■ Your assignment
Reproduce exactly, with no pictures, each line from the opening of the material down through the line containing "PSDs MRAP Data".

# # # #

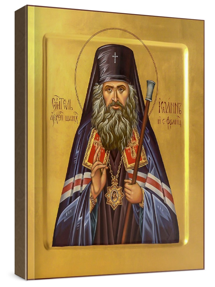 Иоанн шанхайский (икона на дереве). Икона на заказ. Срок изготовления - 5-14 дней. Изображение нанесено на основу из натурального хвойного дерева методом прямой печати (не полиграфия). Деревянная основа иконы подвержена искусственному старению. Лик покрыт специальным лаком, что защищает икону от воздействий окружающей среды и обеспечивает хранение иконы в первозданном виде в течение нескольких десятилетий. Цена зависит от размера иконы (высота может незначительно отличаться от указанной величины в связи с точным соблюдением пропорций образца-оригинала): 10x13 - 1500 руб. 30x40 - 5000 руб. 60x80 - 15000 руб. 15x18 - 2250 руб. 40x60 - 8000 руб. 80x120 - 20000 руб. 20x25 - 3000 руб.
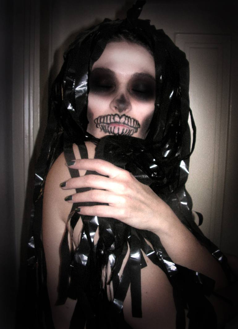Digital print, memento mori self-portrait. Exquisite corpse and gothic apparition dancing in the dim light of a limbo.
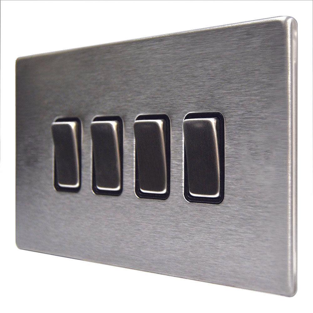 The Hamilton 74CR24SS-B is a 10A quadruple 2 way light switch made using high quality materials, in a slim and elegant satin steel finish.
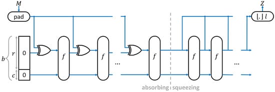 One promising approach for hash-based cryptography involves the use of the sponge construction, a versatile framework primarily known for its application in hash functions like SHA-3 []. The sponge construction operates by absorbing input data into an internal state and then squeezing out the output, ensuring that the process can be tailored to various cryptographic tasks such as encryption, key derivation, and digital signatures, as illustrated in Figure 1. By employing sponge-based designs, cryptographers aim to develop algorithms that can withstand the computational capabilities of quantum computers, thus ensuring the security and integrity of data in the post-quantum era.
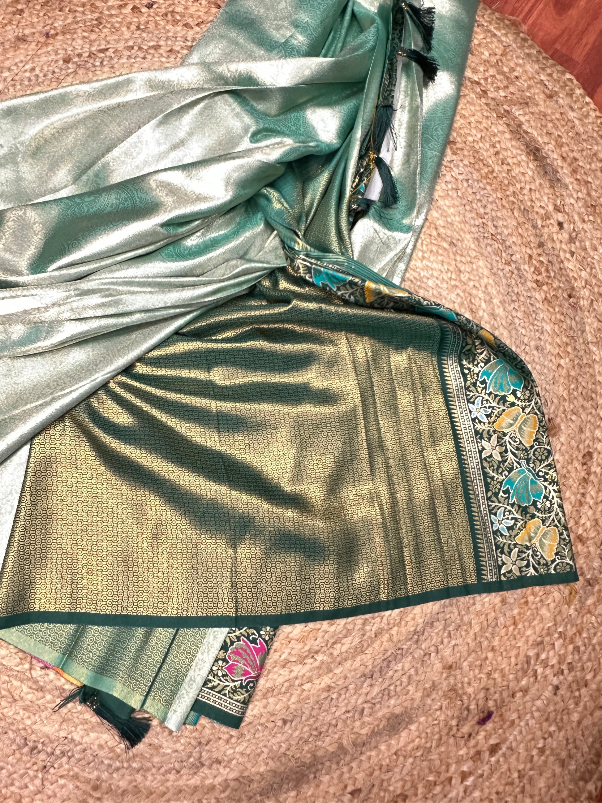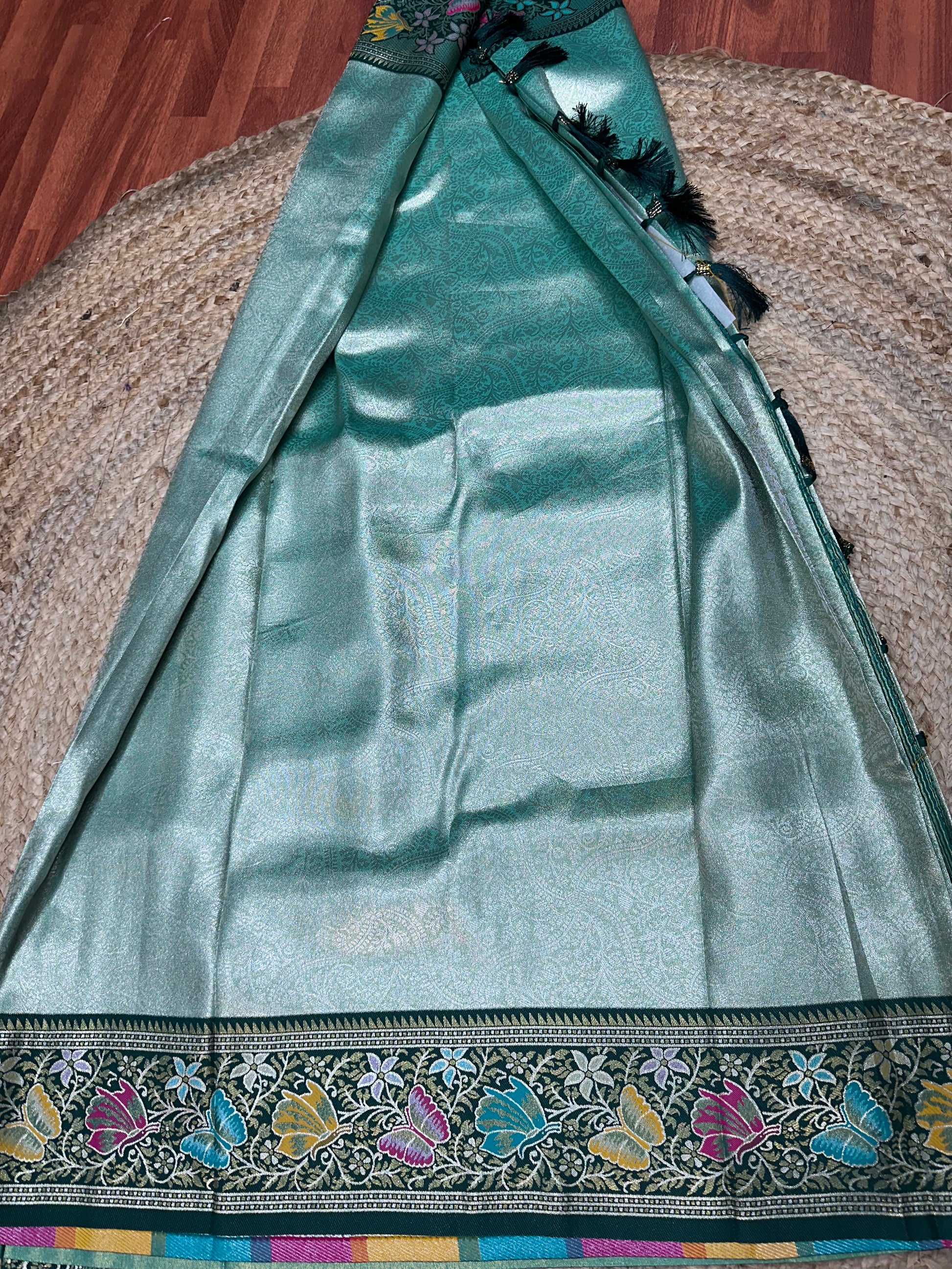 Tissue Paithani sarees for lehenga pastel green
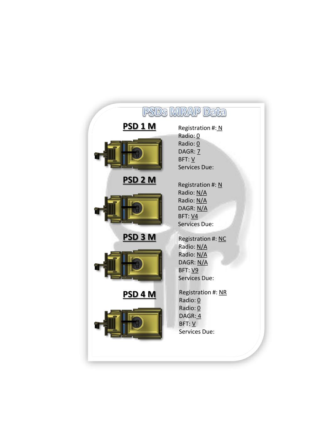 PSDs MRAP Data PSD 1 M Registration #:N Radio: 0 Radio: 0 DAGR: 7 BFT: V Services Due: PSD 2 M Registration #: N Radio: N/A Radio: N/A DAGR: N/A BFT: V4 Services Due: PSD 3 M Registration #: NC Radio: N/A Radio: N/A DAGR: N/A BFT: V9 Services Due: PSD 4 M Registration #: NR Radio: 0 Radio: 0 DAGR:4 BFT: V Services Due:
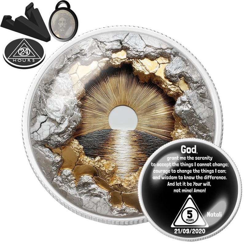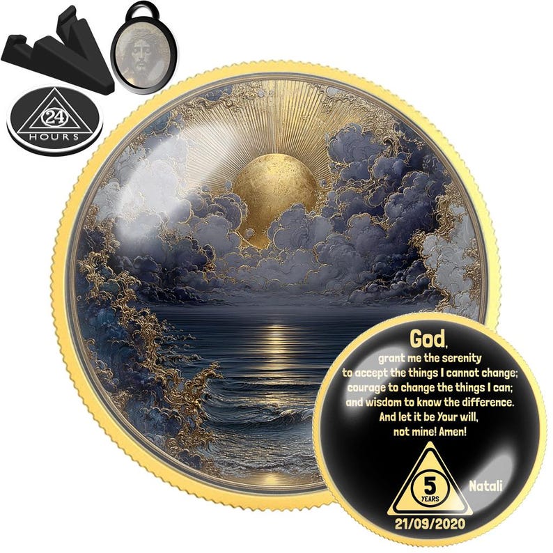 Wave Sobriety Coin Gold Silver, Sea Recovery Chip Gift, AA NA Sober ...
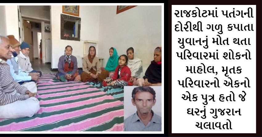 રાજકોટમાં પતંગની દોરીથી ગળુ કપાતા યુવાનનું મોત થતા પરિવારમાં શોકનો માહોલ, મૃતક પરિવારનો એકનો એક પુત્ર હતો જે ઘરનું ગુજરાન ચલાવતો
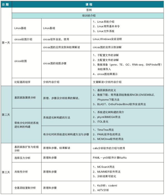 隨著測序技術的發展及測序成本的降低,越來越多的物種完成了基因組的組裝,這為多物種比較基因組學分析提供了大量的可用基因組資源。為了協助科研工作者對基因組結果進行深度挖掘,本次培訓將從基礎生信操作開始,從已發表的NG、NC等高水平文章入手,帶領大家學習比較基因組學常用的分析方法,從而滿足文章后期發表的需求,同時也為我們生物信息科學工作者們提供一個互相交流的平臺。
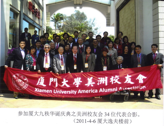 2011年4月6日厦大建校九十周年庆典,美洲校友会在傅志东董事长和刘伟敏理事长推动下,有40位校友与眷属参加,包含了“七老八十”的阵容(按,有七位超过八十岁的老校友参加,即:庄昭顺、朱一雄、陈承煜、林幼堃、陈振苍、张德光及我苏林华),值得纪念(现附照片于此)。惜朱一雄学长已于2013年3月间在新泽西州过世了。
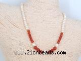 Details: Fashion pearl necklace: 5mm - 6mm potato white freshwater pearls & red agate beaded necklace finished with copper lobster clasp Item: CFN108 Material: 5-6mm, 8-9mm & 10-11mm potato white freshwater pearls 6mm & 8mm round red agate 1.5*4mm copper spacers Copper lobster clasp(#3) (you can choose different spacer & clasp, if you like sterling silver clasp or other clasp we don't show, please contact us before you placing order) Color: See image Style: No.1: Non-knotted (Default) No.2: Hand-knotted Length (inch): Approx 16 inch (Default, Include the clasp, but not including Tail Chain) You can choose 17”; 18”; 19”; 20”; 22” or 24” Quantity Discount Pricing: 1 – 4: None 5 – 49: 95% 50 – 99: 90% 100+: 85% The listed price is for 1 piece Non-knotted 16 inch necklace Custom orders are available upon request! The picture is for reference only, there will be tiny different in shape, color or quality for some products from different date code. we will send your orders randomly according to our stock
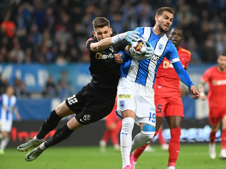 Stefan Tarnovanu si Elvir Koljic in meciul de fotbal dintre Universitatea Craiova si FCSB, contand pentru Play-off-ul Superligii Superbet, desfasurat pe Stadionul Ion Oblemenco din Craiova, duminica 30 aprilie 2023. © FOTO:Razvan Pasarica/SPORT PICTURES

# # # #

■ Written solution
 Иоанн шанхайский (икона на дереве). Икона на заказ. Срок изготовления - 5-14 дней. Изображение нанесено на основу из натурального хвойного дерева методом прямой печати (не полиграфия). Деревянная основа иконы подвержена искусственному старению. Лик покрыт специальным лаком, что защищает икону от воздействий окружающей среды и обеспечивает хранение иконы в первозданном виде в течение нескольких десятилетий. Цена зависит от размера иконы (высота может незначительно отличаться от указанной величины в связи с точным соблюдением пропорций образца-оригинала): 10x13 - 1500 руб. 30x40 - 5000 руб. 60x80 - 15000 руб. 15x18 - 2250 руб. 40x60 - 8000 руб. 80x120 - 20000 руб. 20x25 - 3000 руб.
Digital print, memento mori self-portrait. Exquisite corpse and gothic apparition dancing in the dim light of a limbo.
 The Hamilton 74CR24SS-B is a 10A quadruple 2 way light switch made using high quality materials, in a slim and elegant satin steel finish.
 One promising approach for hash-based cryptography involves the use of the sponge construction, a versatile framework primarily known for its application in hash functions like SHA-3 []. The sponge construction operates by absorbing input data into an internal state and then squeezing out the output, ensuring that the process can be tailored to various cryptographic tasks such as encryption, key derivation, and digital signatures, as illustrated in Figure 1. By employing sponge-based designs, cryptographers aim to develop algorithms that can withstand the computational capabilities of quantum computers, thus ensuring the security and integrity of data in the post-quantum era.
 Tissue Paithani sarees for lehenga pastel green
 PSDs MRAP Data PSD 1 M Registration #:N Radio: 0 Radio: 0 DAGR: 7 BFT: V Services Due: PSD 2 M Registration #: N Radio: N/A Radio: N/A DAGR: N/A BFT: V4 Services Due: PSD 3 M Registration #: NC Radio: N/A Radio: N/A DAGR: N/A BFT: V9 Services Due: PSD 4 M Registration #: NR Radio: 0 Radio: 0 DAGR:4 BFT: V Services Due:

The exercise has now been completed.